Review Operational Processes
Season 3 saw a systematic revamp of one of our core operational processes, the Proof-of-Review (PoR) system. The structured enhancements included the addition of Tenderly and live FiRM position simulations, and automated sanity checks, significantly bolstering our governance and proposal submission integrity. We also executed cleanup actions such as sunsetting outdated markets and removing deprecated contracts from our bug bounty scope, mitigating unnecessary operational risks and bounty payouts.
Author Risk-Centric Content
While we did not maintain a monthly cadence, we authored two new installments of the “Behind the Scenes” series during Season 3, continuing our commitment to transparency and education. These included deep dives into the Proof-of-Review system and the Contract Ledger framework. This series remains foundational to communicating RWG’s evolving methodologies and risk management strategies to a wider audience.
Success Metrics
Framework Modernization Completion
We modernized two key frameworks; the Proof-of-Review (PoR) system and Contract Ledger master sheet. These upgrades marked a shift toward dynamic and automation-ready infrastructure, improving the DAO’s capacity for monitoring and risk governance.
“Four Lines of Defense” Adoption
As of Season 3, three of the four lines of defense—preventive measures, real-time monitoring, and incident response —are fully implemented and operational, actively supporting our comprehensive security operations vision. Recovery is now the sole missing piece.
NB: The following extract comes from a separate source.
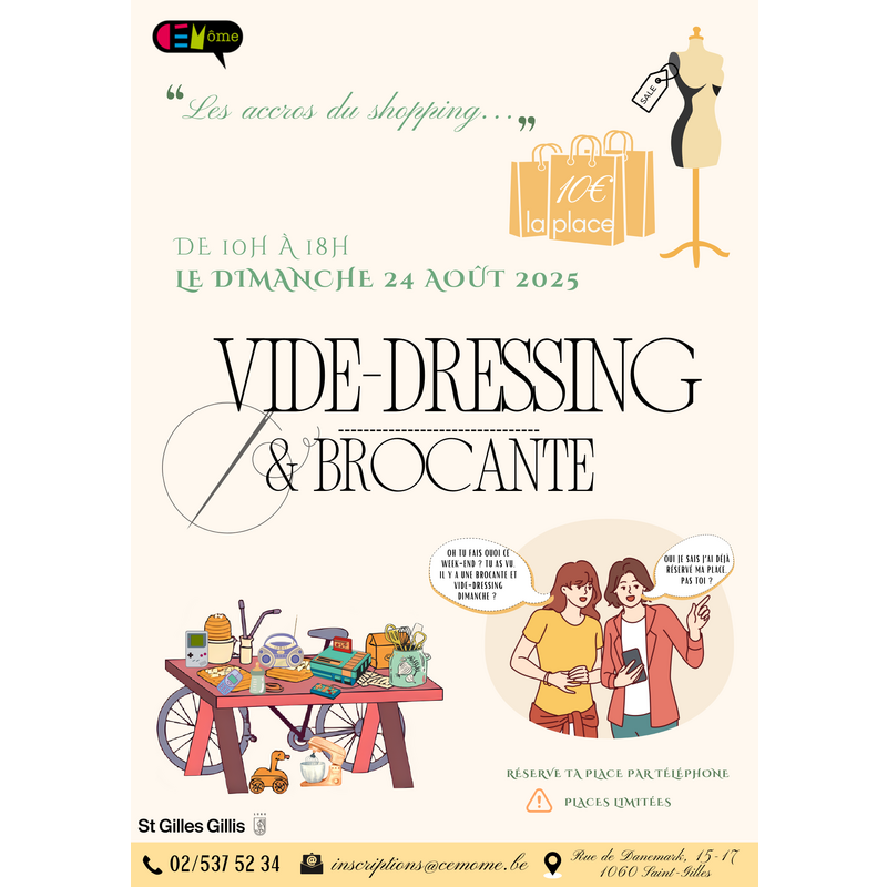 Viens flâner, fouiller, essayer, craquer, manger un bout et passer un bon moment parmi nous au grand vide-dressing & brocante organisé au cemôme.

Risk Assessments Conducted
We authored over a dozen risk assessments during Season 3, namely covering new collateral markets. We also revisited key legacy markets by auditing oracle configurations and staleness thresholds settings, while maintaining a weekly cadence to the Risk Observer Checklist.
Incident Response Improvement
We did not conduct a War Games exercise during Season 3. However, the integration of the Safe Harbor Agreement marked a key step forward in improving our ability to respond quickly and effectively to active exploit scenarios.
Governance Participation
The RWG authored 36 governance proposals during Season 3, in line with our past seasons’ totals.
Content Production
We published three “Behind the Scenes” posts during Season 3: Proof-of-Review, the Contract Ledger, and this Season 3 Recap. This was below our original monthly goal, and while we stand behind the quality of these educational pieces, they have yet to reach the level of visibility and engagement we had hoped for.
Bug Bounty Program Engagement
The program received 89 submissions from novice to intermediate and even advanced whitehats and issued 5 payouts totalling 15,000 DOLA. We also increased our program ceiling by 100,000 DOLA, boosting researcher participation and visibility.
Looking Forward
As we conclude Season 3, the RWG remains committed to advancing our risk management capabilities, enhancing operational excellence, and maintaining transparent governance practices. With an ever-strengthening framework foundation and growing security measures, we eagerly anticipate addressing new challenges and opportunities in the forthcoming seasons if given the opportunity.